Les réformes structurelles ont progressé aussi. Le gouvernement a adopté le budget 2008 en temps voulu et a commencé à publier des relevés détaillés de l’exécution du budget. Les tarifs de l’électricité, inchangés depuis 2001, ont été relevés et des audits des secteurs des industries extractives, du raffinage et de l’électricité ont été engagés. La préparation d’un document de stratégie pour la réduction de la pauvreté a repris, et le document devrait être prêt en septembre 2008. Le remboursement des arriérés intérieurs (1½% du PIB en 2007) a contribué à renforcer la confiance du secteur privé, de même que les avancées dans l’unification du pays, la réouverture des routes commerciales et le redéploiement de l’administration publique.

Baisse du PIB

Le PIB par habitant a baissé fortement entre 1999 et 2007 en Côte d’Ivoire.

(Dollars EU, aux prix et taux de change de 2000)

Sources: FMI, Perspectives économiques régionales de l’Afrique.

Un effort international concerté

1994, 1998, 2002 FMI approuve des accords FRPC triennaux

Septembre 2002 Interruption de l’accord FRPC, début de la guerre civile

Mai 2005–mai 2007 Entretiens avec le FMI et la Banque mondiale sur une reprise du dialogue; programme économique arrêté pour 2006 ne s’est pas matérialisé

Avril–août 2007 Accord avec la Banque mondiale et la BAD sur un plan de règlement des arriérés (avril); promesses d’aide des donateurs pour les programmes de sortie de crise; Banque mondiale approuve un don postconflit pour le règlement des arriérés (juillet)

Août 2007 FMI approuve première AUPC; décaissement de 40,65 millions de DTS

1er avril 2008 Après règlement partiel des arriérés, Banque mondiale approuve des dons pour le règlement des arriérés et l’aide budgétaire

4 avril 2008 FMI approuve deuxième AUPC; décaissement de 40,65 millions de DTS

La croissance a atteint 1½% en 2007 et, avec le redressement de l’investissement intérieur et extérieur, elle devrait doubler en 2008. Contrairement à de nombreux autres pays sortant d’un conflit, la Côte d’Ivoire n’a pas subi de destruction massive de son stock de capital ou de ses capacités administratives. En outre, la reconstruction se déroule dans un climat favorable, avec les cours élevés de l’énergie et des produits de base.

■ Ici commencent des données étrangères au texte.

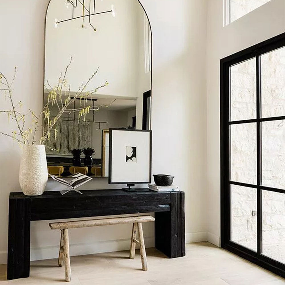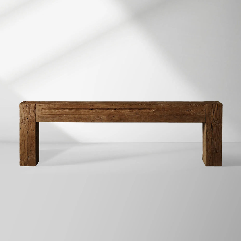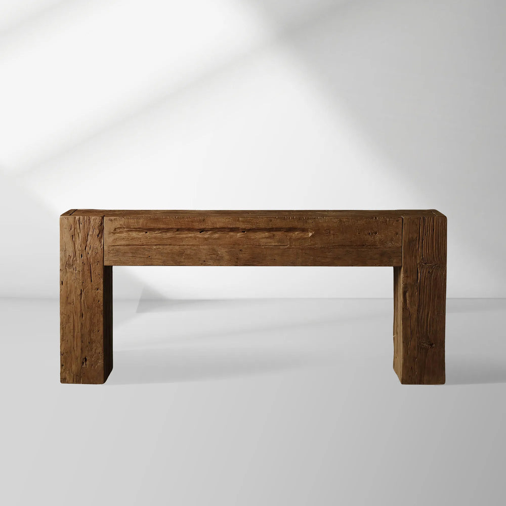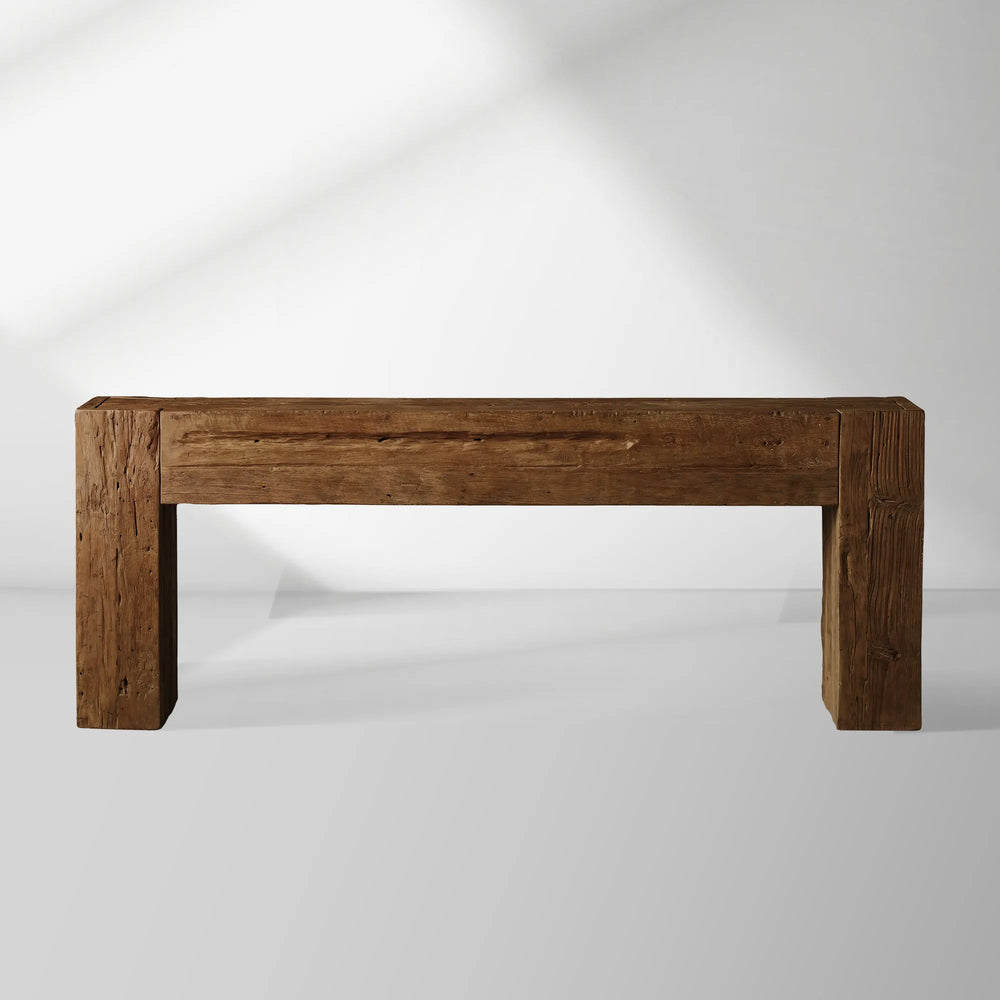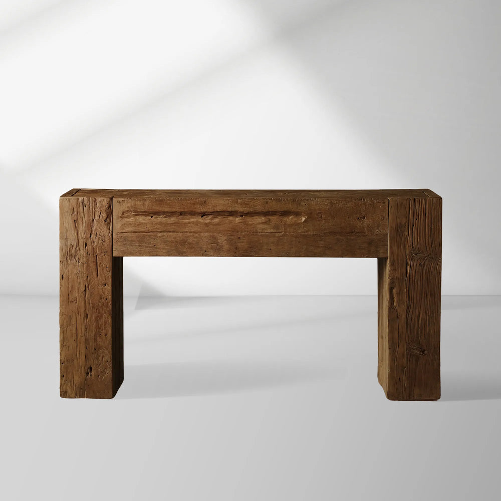 Crafted from reclaimed teak wood, the Ubud Console Table embodies rustic elegance and artisanal character. Each piece tells its own story through organic variations in color, grain, and texture—including natural knots, subtle splits, and joint lines that enhance its one-of-a-kind appeal.

On peut ainsi espérer pouvoir rapidement effacer les années de crise et percevoir les dividendes de la paix.

Pour atteindre cet objectif, il sera essentiel de tenir des élections démocratiques, de réunifier totalement le pays et de renforcer les institutions publiques. Les autorités doivent aussi redoubler d’efforts pour mobiliser des ressources, notamment pour renforcer et unifier l’administration de l’impôt et collecter des recettes adéquates dans les secteurs du pétrole et du cacao, en particulier dans l’ancienne zone rebelle. Elles doivent aussi réorienter les dépenses vers les besoins sociaux de base et la remise en état des infrastructures, et lutter contre la corruption et améliorer le système judiciaire. Enfin, il est impératif de poursuivre les réformes structurelles pour assurer une gestion plus efficiente des ressources publiques.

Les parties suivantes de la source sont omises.